标签:
一、表说明同“学生——成绩表2.1”
二、目录
选课情况
1. 查询学过"张三"老师授课的同学的信息
2. 查询没学过"张三"老师授课的同学的信息
3. 查询选修了全部课程的学生信息
4. 查询没有学全所有课程的同学的信息
5. 查询出只选有两门课程的全部学生的学号和姓名
6. 检索至少选修两门课程的学生学号
7. 查询每门课程被选修的学生数
8. 查询学过编号为"01"并且也学过编号为"02"的课程的同学的信息
9. 查询学过编号为"01"但是没有学过编号为"02"的课程的同学的信息
10. 查询学过编号为"01"并且也学过编号为"02"的但是没有学过课程"03"的同学的信息
11. 查询至少有一门课与学号为"01"的同学所学相同的同学的信息
12. 查询和"01"号的同学学习的课程完全相同的其他同学的信息
三、查询
1.查询学过"张三"老师授课的同学的信息
select distinct Student.* from Student , SCore , Course , Teacher where Student.s_id= SCore.s_id and SCore.C_id = Course.C_id and Course.T_id = Teacher.T_id and Teacher.Tname = ‘张三‘ order by Student.S_id
2.查询没学过"张三"老师授课的同学的信息
select student.* from student where student.S_id not in (select distinct score.S_id from score , course , teacher where score.C_id = course.C_id and course.T_id = teacher.T_id and teacher.tname = N‘张三‘) order by student.S_id
3.查询选修了全部课程的学生信息
方法1
select student.* from student where S_id in (select S_id from score group by S_id having count(1) = (select count(1) from course))
方法2 使用双重否定来完成
select t.* from student t where t.S_id not in( select distinct m.S_id from ( select S_id , C_id from student , course) m where not exists (select 1 from score n where n.S_id = m.S_id and n.C_id = m.C_id) )
方法3 使用双重否定来完成
select t.* from student t where not exists(select 1 from( select distinct m.S_id from( select S_id , C_id from student , course) m where not exists (select 1 from score n where n.S_id = m.S_id and n.C_id = m.C_id) ) k where k.S_id = t.S_id)
4. 查询没有学全所有课程的同学的信息
4.1不包括什么课都没选的同学
select Student.* from Student , SCore where Student.S_id = SCore.S_id group by Student.S_id , Student.Sname , Student.Sage , Student.Ssex having count(C_id) < (select count(C_id) from Course)
4.2包括什么课都没选的同学
select Student.* from Student left join SCore on Student.S_id = SCore.S_id group by Student.S_id , Student.Sname , Student.Sage , Student.Ssex having count(C_id) < (select count(C_id) from Course)
5.查询出只选有两门课程的全部学生的学号和姓名
select Student.S_id, Student.Sname from Student , SCore where Student.S_id = SCore.S_id group by Student.S_id , Student.Sname having count(SCore.S_id) = 2 order by Student.S_id
6. 检索至少选修两门课程的学生学号
select student.S_id, student.Sname from student , SCore where student.S_id = SCore.S_id group by student.S_id , student.Sname having count(1) >= 2 order by student.S_id
7. 查询每门课程被选修的学生数
7.1 只在score表中查询
select c_id , count(S_id) 学生数 from score group by c_id
7.2在score表、Course表中查询
select Course.C_id , Course.Cname , count(*) 学生人数 from Course , SCore where Course.C_id = SCore.C_id group by Course.C_id , Course.Cname order by Course.C_id , Course.Cname
7.3 统计每门课程的学生选修人数(超过5人的课程才统计)。
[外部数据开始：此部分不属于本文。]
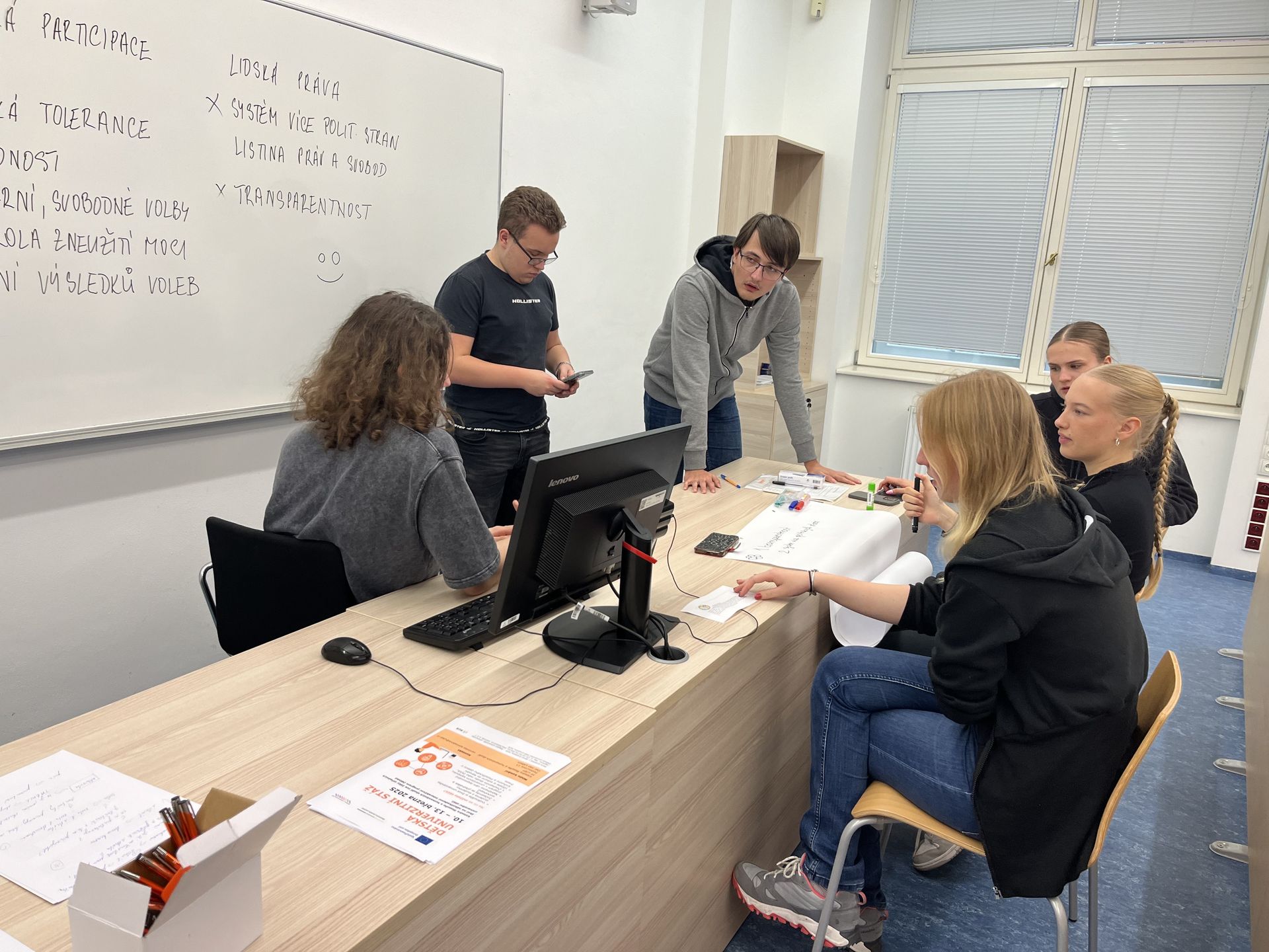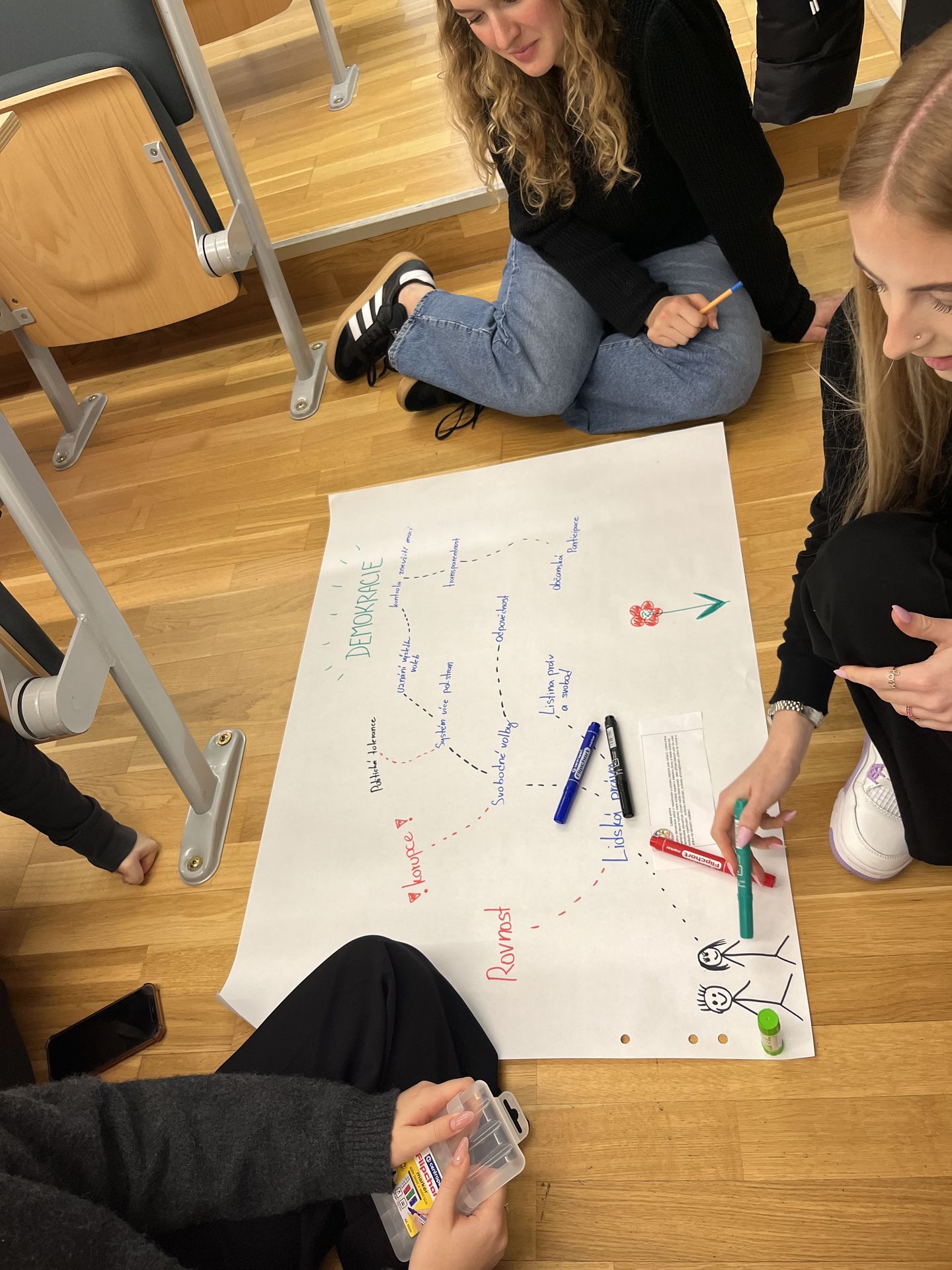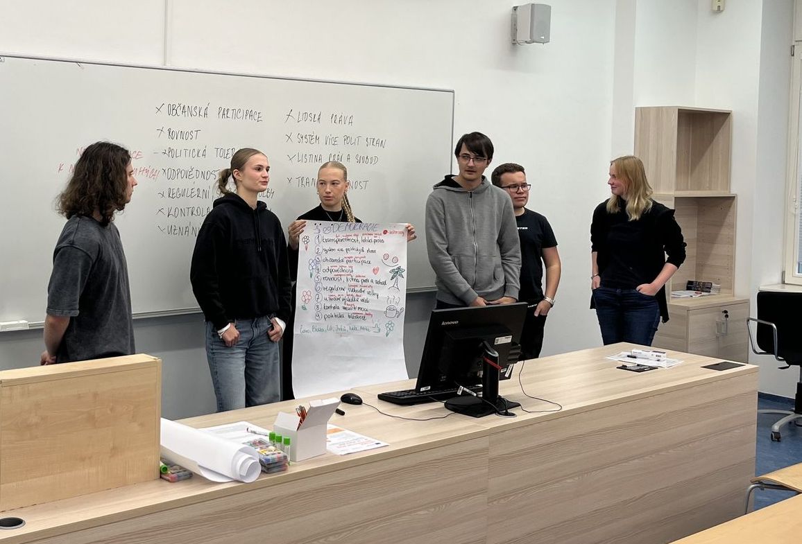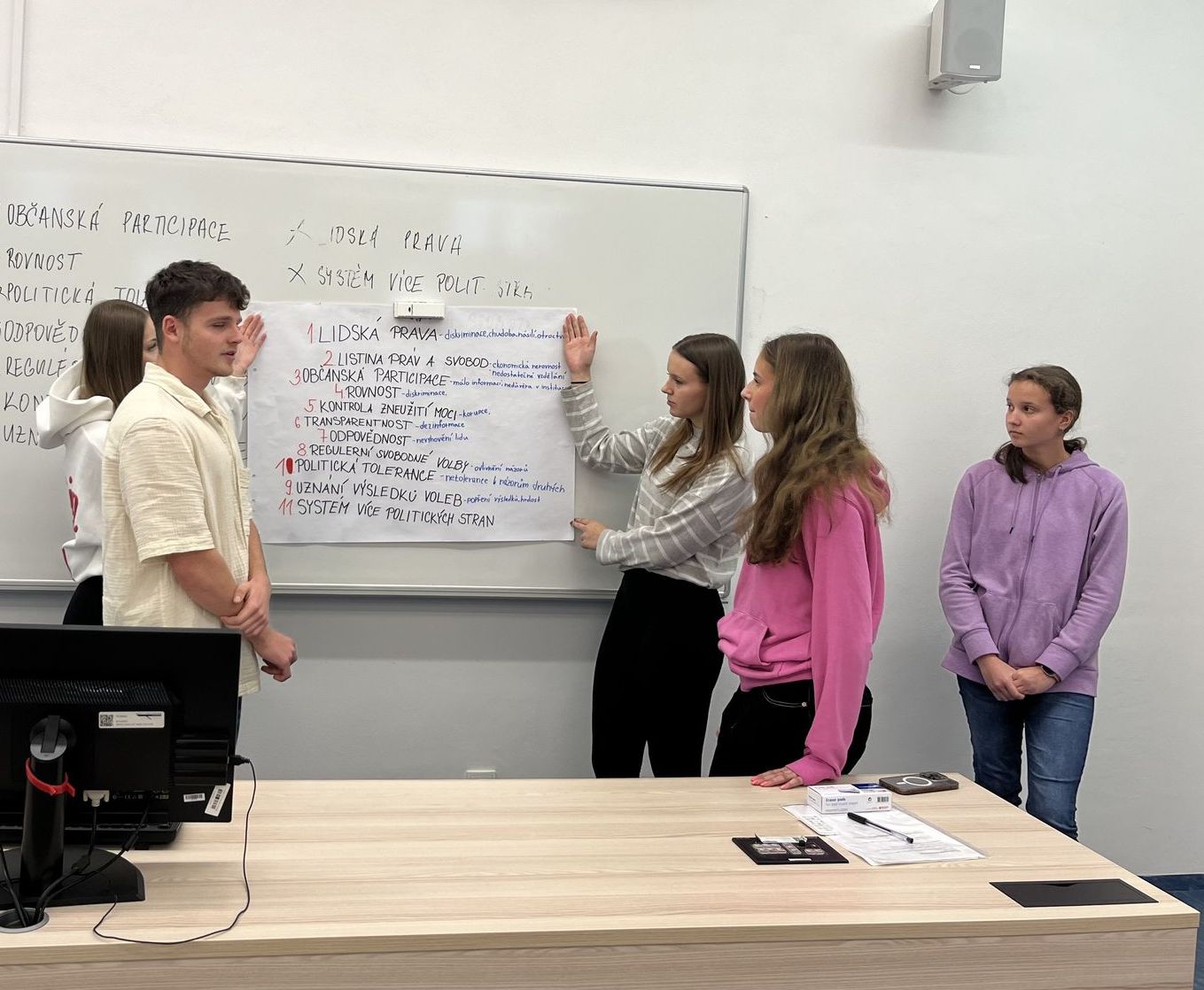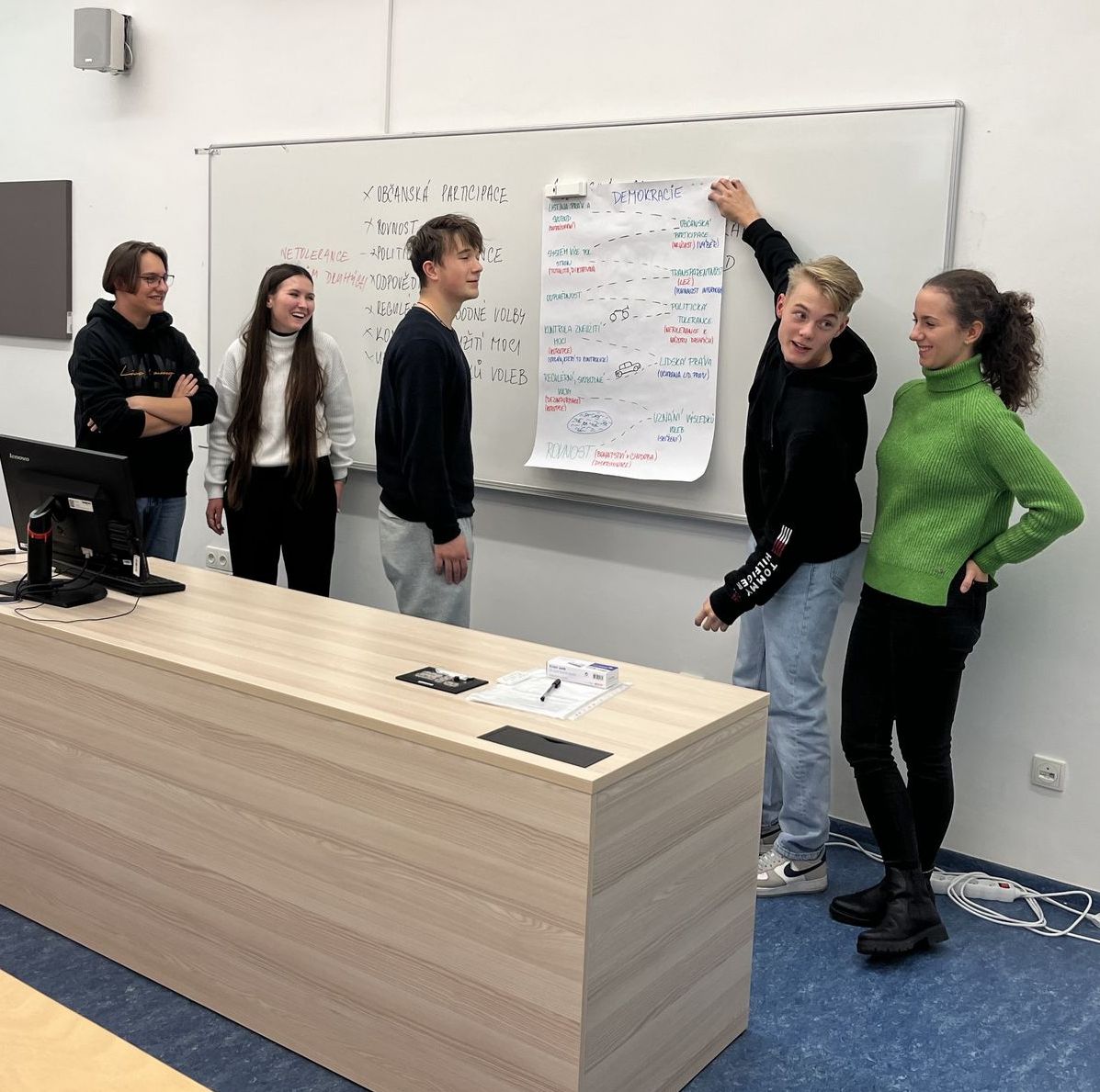 Mimo prohlídku kampusu nás čekala také ochutnávka aktivity z jarní stáže pro zatím nestudenty. Zabývali jsme se demokracií a jejím pojetí. Studenti pracovali ve skupinách a své práce také prezentovali před ostatními. Musím říct, že jsem s jejich zapojením a řešením zadaného úkolu byla nesmírně spokojená. Každá skupina pojala svou práci maličko jinak, přesto ve všech skupinách probíhala plodná diskuse a všechny skupiny dokázaly své názory obhájit.

要求输出课程号和选修人数,查询结果按人数降序排列,若人数相同,按课程号升序排列
select Course.C_id, Course.Cname , count(*) 学生人数 from Course , SCore where Course.C_id = SCore.C_id group by Course.C_id , Course.Cname having count(*) >= 5 order by 学生人数 desc , Course.C_id
8.查询学过编号为"01"并且也学过编号为"02"的课程的同学的信息
方法1
select Student.* from Student , SCore where Student.S_id = SCore.S_id and SCore.C_id= ‘01‘ and exists ( Select 1 from SCore SC_2 where SC_2.S_id = SCore.S_id and SC_2.C_id= ‘02‘) order by Student.S_id
方法2
select Student.* from Student , SCore where Student.S_id = SCore.S_id and SCore.C_id = ‘02‘ and exists (Select 1 from SCore SC_2 where SC_2.S_id = SCore.S_id and SC_2.C_id = ‘01‘) order by Student.S_id
方法3
select m.* from Student m where S_id in( select S_id from( select distinct S_id from SCore where C_id = ‘01‘ union all select distinct S_id from SCore where C_id = ‘02‘ ) t group by S_id having count(1) = 2 ) order by m.S_id
9.查询学过编号为"01"但是没有学过编号为"02"的课程的同学的信息
方法1
select Student.* from Student , SCore where Student.S_id = SCore.S_id and SCore.C_id = ‘01‘ and not exists ( Select 1 from SCore SC_2 where SC_2.S_id = SCore.S_id and SC_2.C_id = ‘02‘) order by Student.S_id
方法2
select Student.* from Student , SCore where Student.S_id = SCore.S_id and SCore.C_id = ‘01‘ and Student.S_id not in ( Select SC_2.S_id from SCore SC_2 where SC_2.S_id = SCore.S_id and SC_2.C_id = ‘02‘) order by Student.S_id
10.查询学过编号为"01"并且也学过编号为"02"的但是没有学过课程"03"的同学的信息
select Student.* from Student , SCore where Student.S_id = SCore.S_id and SCore.C_id= ‘01‘ and exists ( Select 1 from SCore SC_2 where SC_2.S_id = SCore.S_id and SC_2.C_id= ‘02‘) and not exists( Select 1 from SCore SC_3 where SC_3.S_id = SCore.S_id and SC_3.C_id= ‘03‘) order by Student.S_id
11.查询至少有一门课与学号为"01"的同学所学相同的同学的信息
select distinct Student.* from Student , SCore where Student.S_id = SCore.S_id and SCore.C_id in (select C_id from SCore where S_id = ‘01‘) and Student.S_id <> ‘01‘
12.查询和"01"号的同学学习的课程完全相同的其他同学的信息
select Student.* from Student where S_id in (select distinct SCore.S_id from SCore where S_id <> ‘01‘ and SCore.C_id in (select distinct C_id from SCore where S_id = ‘01‘) group by SCore.S_id having count(1) = (select count(1) from SCore where S_id=‘01‘))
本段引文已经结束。